A mural brightens the side of a building in Newton, Iowa, on Wednesday. (Jim Lo Scalzo/EPA-EFE/REX/Shutterstock)

Kira Lerner is a reporter for the Appeal who covers criminal justice, voting rights and civil rights.

As with every presidential election cycle when the Iowa caucuses approach, voters elsewhere have been left to wonder why such an unrepresentative state plays an outsize role in American democracy. Iowa voters are more rural than the national average, but the most notable demographic difference is Iowa’s whiteness: 90.7 percent of the population is white, compared with 76.5 percent nationally.
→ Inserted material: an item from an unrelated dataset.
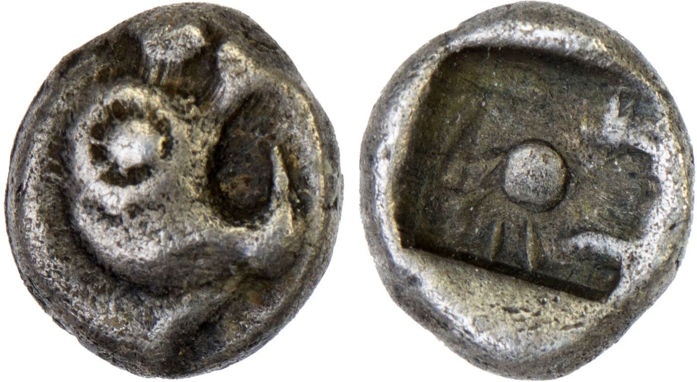 CARIA: Uncertain Mint, AR hemiobol (0.34g), ca. 5th century BC, HN Online-2129, head of griffin right // stylized lion scalp within incuse square, unpublished, VF, ex James Lamb Collection.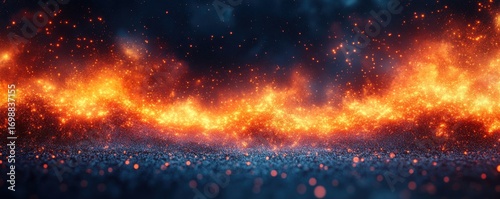 Abstract fiery landscape with glowing sparks and dark dramatic backdrop

Yet the Democratic caucuses on Feb. 3 are going to be even whiter than that disparity suggests, because the state practices a de facto form of racial disenfranchisement: a lifetime voting ban for anyone ever convicted of a felony.

Just 4 percent of Iowa’s population is black, but blacks make up 26 percent of the state’s prison population. In 2016, a study by the Sentencing Project ranked Iowa third worst in the nation for its 1 in 17 incarceration rate of adult black males; the white/black differential was 11 to 1, also third worst nationally. (The disenfranchisement of Latinos is less pronounced; they make up 6.2 percent of Iowa’s population, and the Latino/white imprisonment ratio is 1.7 to 1.)

Thousands of black Iowa residents who have served time in prison will be barred from caucusing on Monday, because the state parties restrict participation to registered voters. Some of those banned are likely to have been excluded in error: Last year, the Des Moines Register reported that the state’s database of more than 69,000 felons barred from voting “contains systemic inaccuracies” that officials had known about for years but left unaddressed.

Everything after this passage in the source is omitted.